Washminster

Washminster
Washminster

Sunday, 17 August 2008

John Milton

This morning we visited the cottage in which John Milton lived while the Plague raged in London (1665-6) - and where he wrote his most famous book "Paradise Lost". If you have the opportunity, do visit the cottage. It is also a museum - and the guided tour was both fascinating and stimulating. Details of the cottage, which is in the South Buckinghamshire village of Chalfont St Giles (not far, but out of sight or sound of the M25 Jnt 17), can be found at http://www.miltonscottage.org/index.htm

John Milton - apart from being one of the most important poets in English history - was a democrat and a republican. He argued in 1644 for freedom of the press in his "Areopagiticia", and his political ideas have influenced modern political practice, particularly in the United States. My visit has prompted me to download and start reading some of his political works. You can do the same by visiting http://oll.libertyfund.org/readinglists/view/138-the_political_thought_of_john_milton

Some gems from his writings -

"It may be well wonderd that any nation, styling themselves free, can suffer any man to pretend hereditarie right over them as thir lord; whenas by acknowledging that right, they conclude themselves his servants and his vassals, and so renounce thir own freedom."
"The happiness of a nation must needs be firmest and certainest in a full and free Councel of their own electing, where no single person, but reason only sway[e]s."
During the period of the Commonwealth, Milton was a senior civil servant, and pamphleteer for the principles of republican democracy. When the monarchy was restored he was imprisoned and his books burned. I found it a little odd that the visits of recent monarchy (including a visit by Charles and Camilla three weeks ago) were given such prominence in the cottage.

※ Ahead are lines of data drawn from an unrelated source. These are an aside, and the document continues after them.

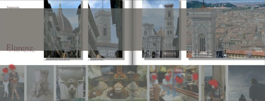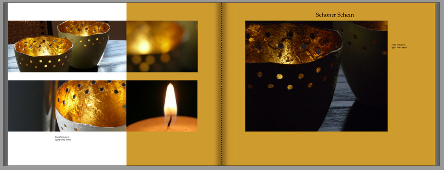 D.h. ich lege mein Gestaltungsraster immer so an, dass ich die aufgeklappte Seite als Ganzes betrachte. Dabei ziehe ich ganz oft Fotos über den Bundsteg hinaus.
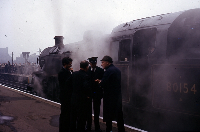 On 9th October 1966, Standard Tank No. 80154 was observed at London Bridge ''low-level'', fronting the ''Four Counties'' rail tour for the ''Southern Counties Touring Society''. The locomotive hauled the train to Wimbledon, where it was joined by USA Tank No. 30072, and the pair proceeded onto Tooting Junction goods yard. After returning to Wimbledon, both locomotives were replaced by Bulleid Light Pacific No. 34052 ''Lord Dowding'', which took the tour onto Salisbury via Guildford. © David Glasspool Collection
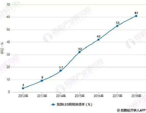 2012-2018年我國LED照明滲透率統(tǒng)計(jì)情況
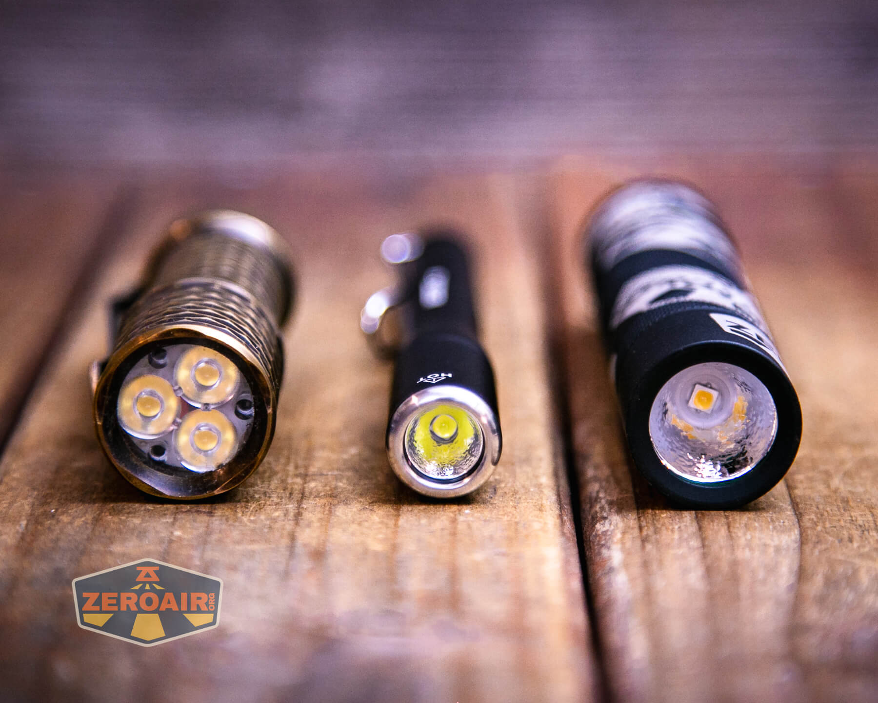 In the photo above, you may note that the SRM (standard reference material) flashlight for comparison has changed! I used a TorchLAB BOSS 35 for ages. Now what you can see as the 18350 SRM is the Hanko Machine Works Trident. While I have not reviewed or tested the Gunner Grip version seen here, I have tested a Hanko Machine Works Trident Total Tesseract in brass. I love the Trident, and it’s a striking contrast next to the inexpensive Convoy S2+, which also makes a great standard reference material.
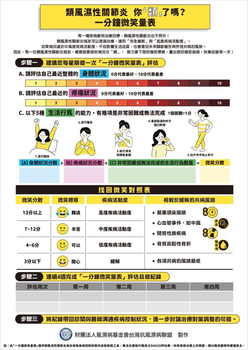 對此,財團法人風濕病基金會台灣抗風濕病聯盟推出「一分鐘微笑量表」,病友可於生活起居等各項活動中,簡單快速自評身體狀況、疼痛分數,,進而找出相對應的表情符號,幫助病友更瞭解疾病控制狀況,增加醫病間的有效溝通且幫助醫師更精準用藥。
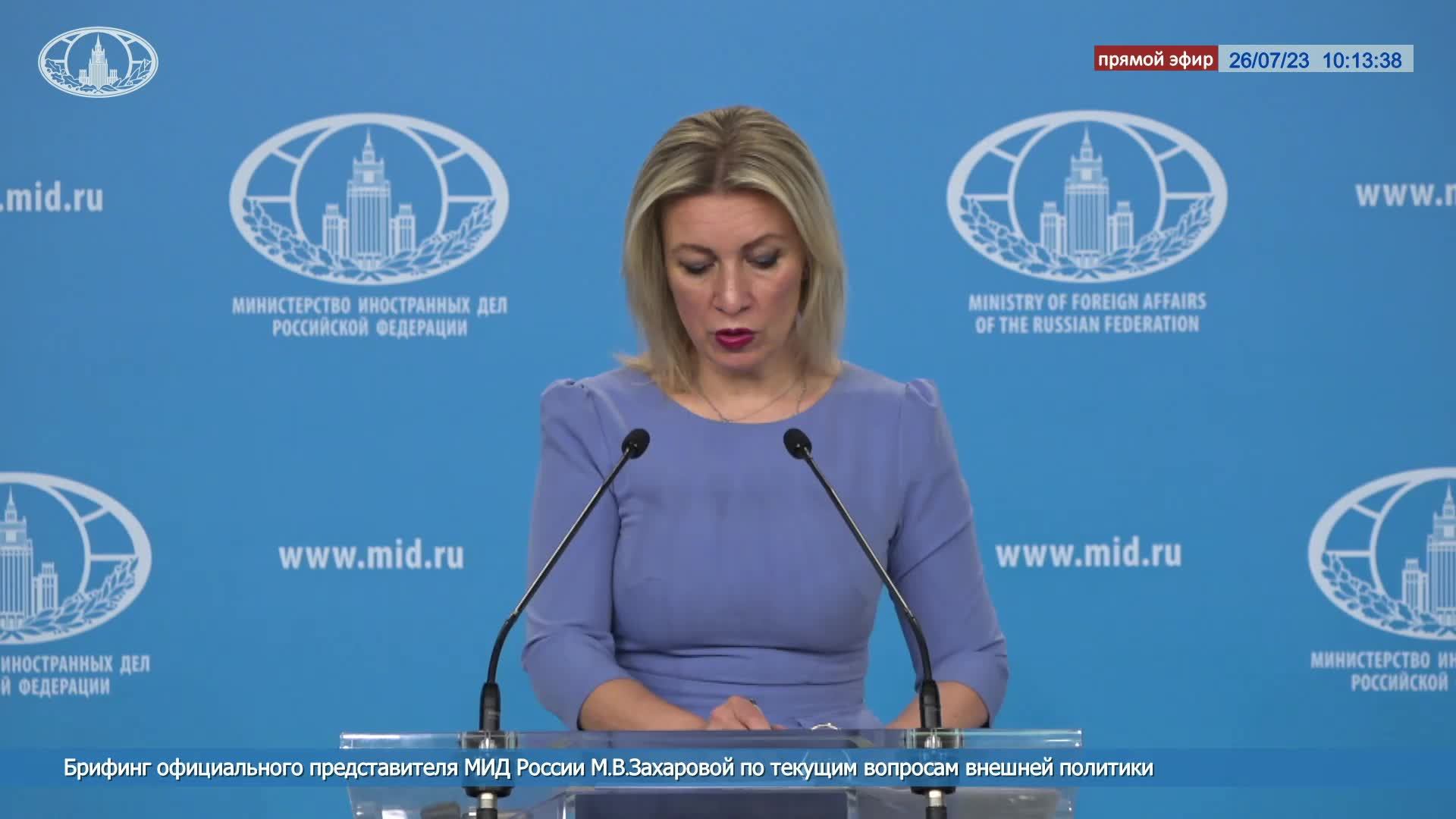 ? #ПрямойЭфир: Брифинг официального представителя МИД России М.В.Захаровой
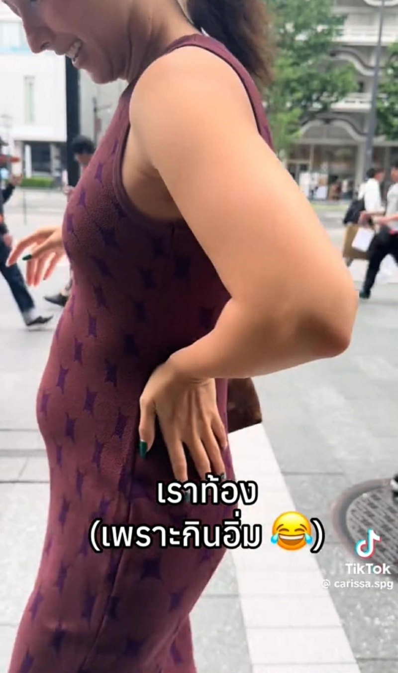 อีกทั้ง เธอ ยังได้เผยอีกว่า หน้าท้องที่เห็นนั้นไม่ได้มาจากข่าวลือใดๆ แต่เป็นผลจากการกินแบบจัดเต็ม พร้อมทิ้งมุกว่า ดีใจมั้ยคะ ท้องก่อนแต่ง
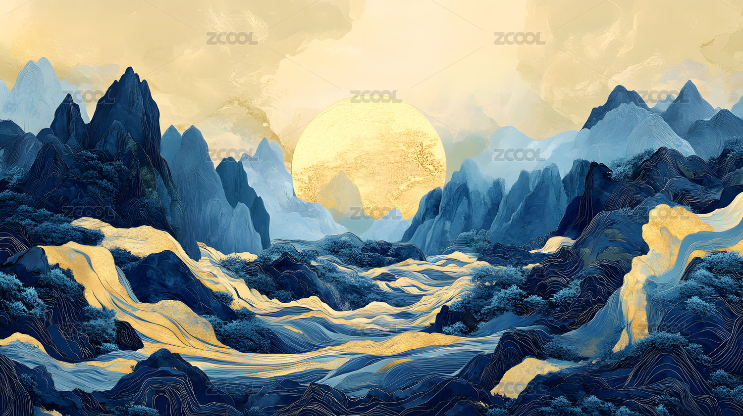 蓝色山水和金色太阳,金色描边创意国风山水
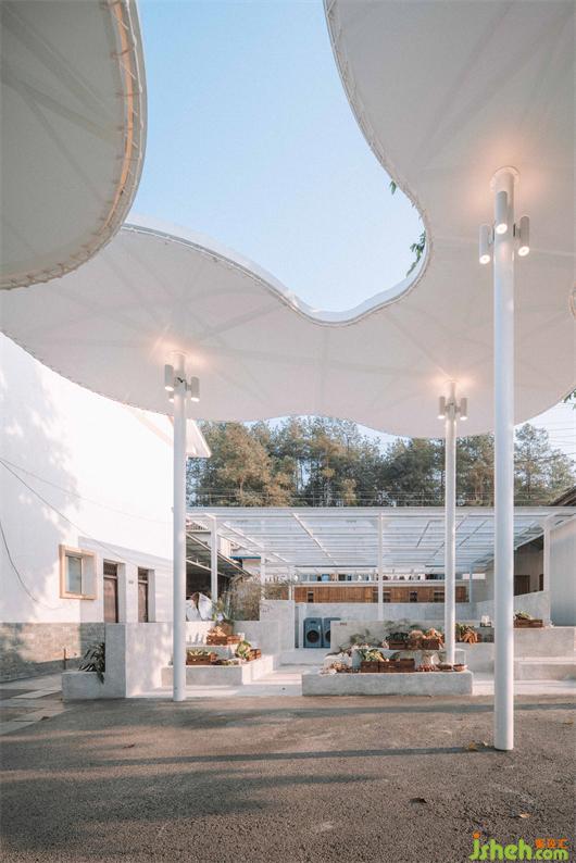 從可持續(xù)發(fā)展與設(shè)計實踐出發(fā),空間在天然材質(zhì)、蓄能節(jié)水、回收減排等一系列環(huán)保措施中實現(xiàn)“自我造血”。同時以堅持“生活即教育”為理念,基于當?shù)刈匀簧鷳B(tài)的閉環(huán)鏈合理改造、科學種植,在晾曬區(qū)(生活空間)與農(nóng)場區(qū)(勞動基地)動靜中為孩子打開了新世界的一扇窗口。
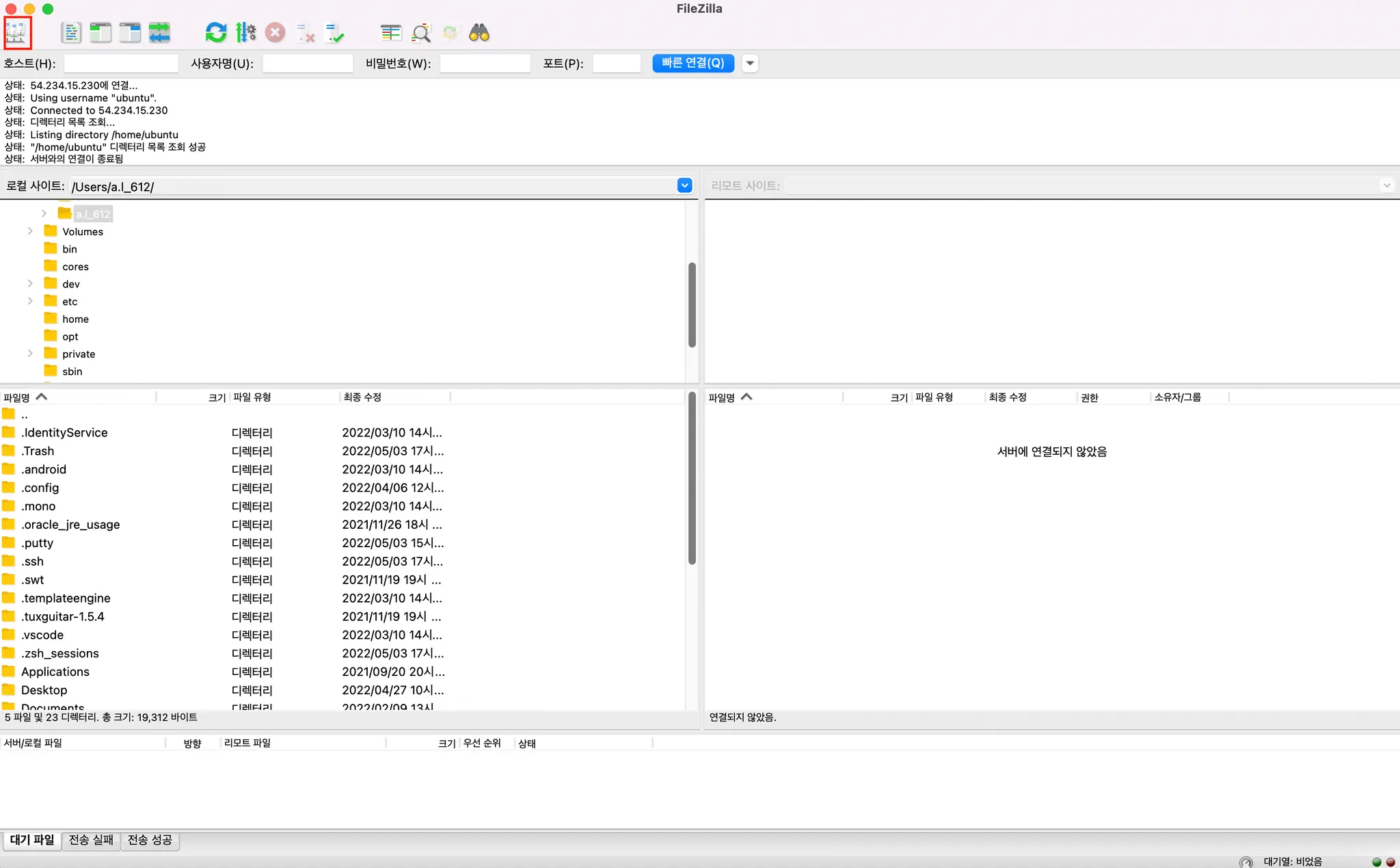 원격으로 우분투 서버에 접속하기(터미널, FileZilla 이용)
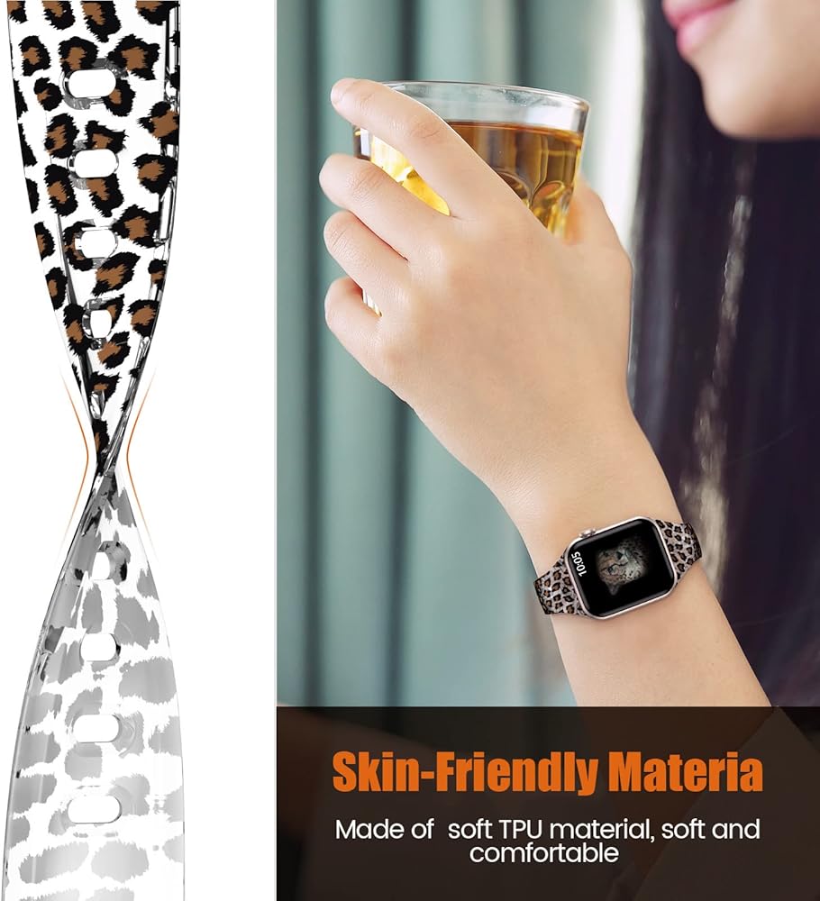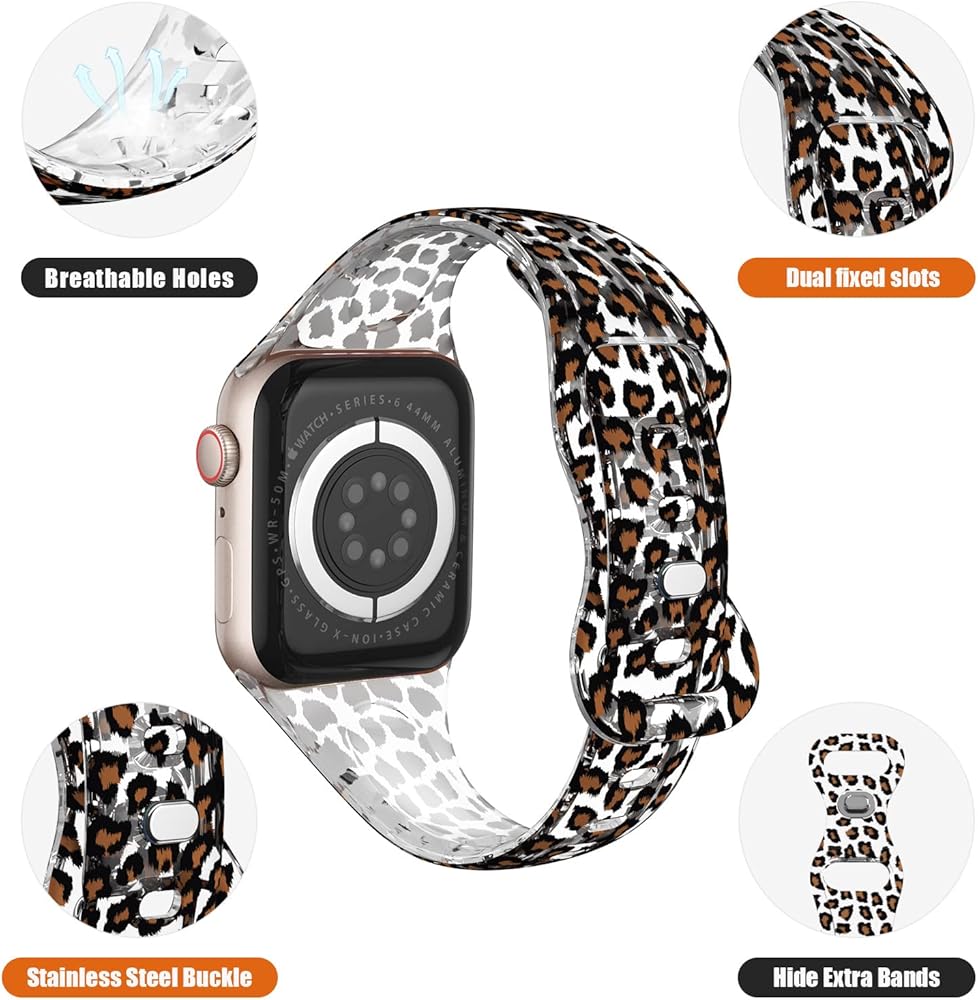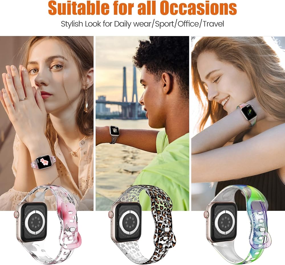 【أساور رياضية مطبوعة لطيفة】أساور iWatch الشفافة لعيد الميلاد من ABELTA مصنوعة من مادة TPU الشفافة الناعمة الممتازة وإبزيم من الفولاذ المقاوم للصدأ. سوار ساعة شفاف متين بتصميم طباعة عصري، مسامي، خفيف الوزن، مريح في الارتداء، مناسب للنساء والرجال والمراهقين. مادة مقاومة للماء وناعمة، مريحة تمامًا للارتداء أثناء ممارسة الرياضة والارتداء اليومي أو الأنشطة الخارجية.
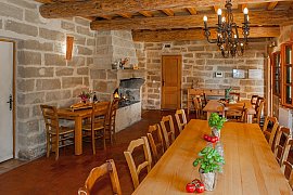 Im Gruppenhaus gibt es 2 Speiseräume (ein Kamin), einen 60 m² Saal für diverse Nutzungen.
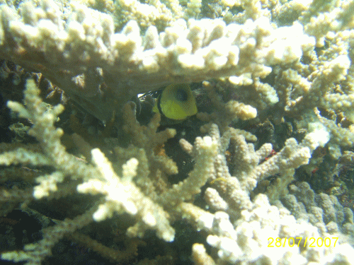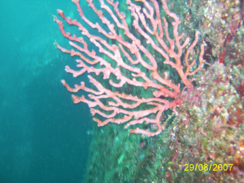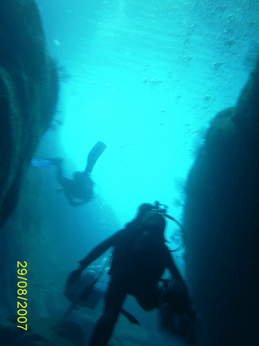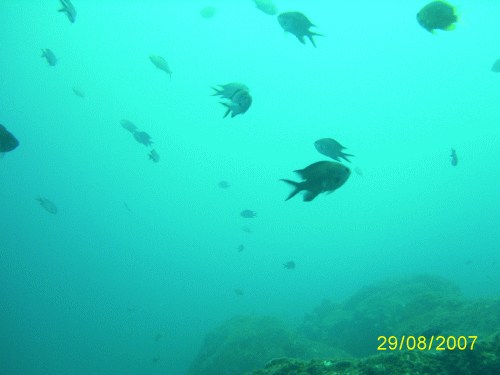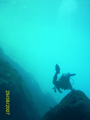 水深20m辺りで、下に引っ張られる弱い流れを感じて
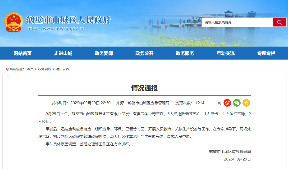 9月29日上午,鹤壁市山城区鹤鑫化工有限公司发生有害气体中毒事件,5人经抢救无效死亡,1人重伤、生命体征平稳,2人轻伤。
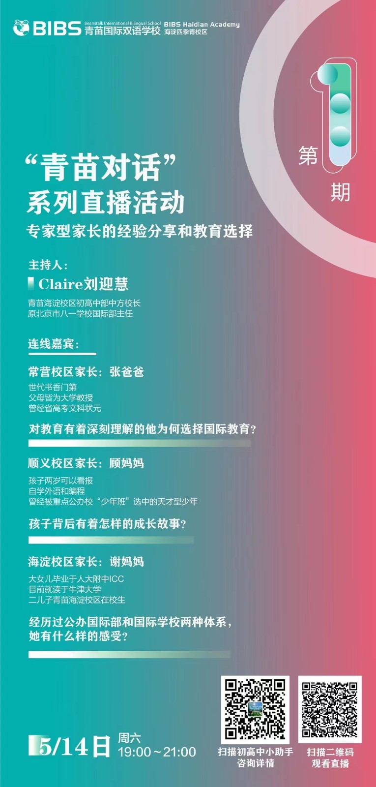 青苗國際雙語學校是北京學生家長們非常關注的一所國際學校,學校可以為3~18歲學生提供幼兒園到高中的一貫制教育。現在正值家長們選擇教育和擇校的關鍵時間點,對于擇校和孩子未來教育迷茫,或者想要了解被美國常春藤名校錄取的學生教育經歷的,可以關注青苗國際雙語學校近期將會開展的線上直播會議,會議內容,直播時間見下圖:
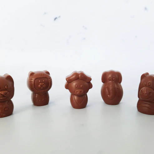 Ontmoet de Big 5 in hun meest onweerstaanbare vorm. Deze kleine, verfijnd gemaakte chocoladefiguurtjes zijn geïnspireerd op de iconische Big Five en gevuld met een zachte, rijke pralinévulling.
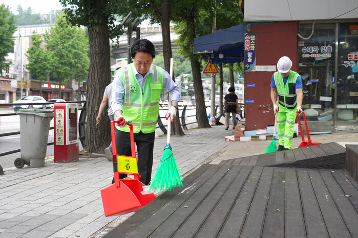 이성헌 서울 서대문구청장이 민선8기 후반기 첫날인 1일 새벽 관내 인왕시장길을 찾아 거리 청소를 하고 있다. 이 구청장은 2년 전이었던 민선 8기 첫날 새벽 첫 일정으로도 같은 곳에서 청소 작업을 펼친 바 있다.

Queen Victoria was the first on the subscription list for the establishment of the trust (perhaps she wasn't acquainted with his republican writing!).
We drove on to the nearby (a mile or so away) village of Jordans where William Penn, the founder of Pennsylvania, was buried - and, where a barn stands which was built of timbers bought from Rotherhithe from a ship which had been broken up called the "Mayflower", perhaps the same ship which had been used by the Pilgrim Fathers to take them to America.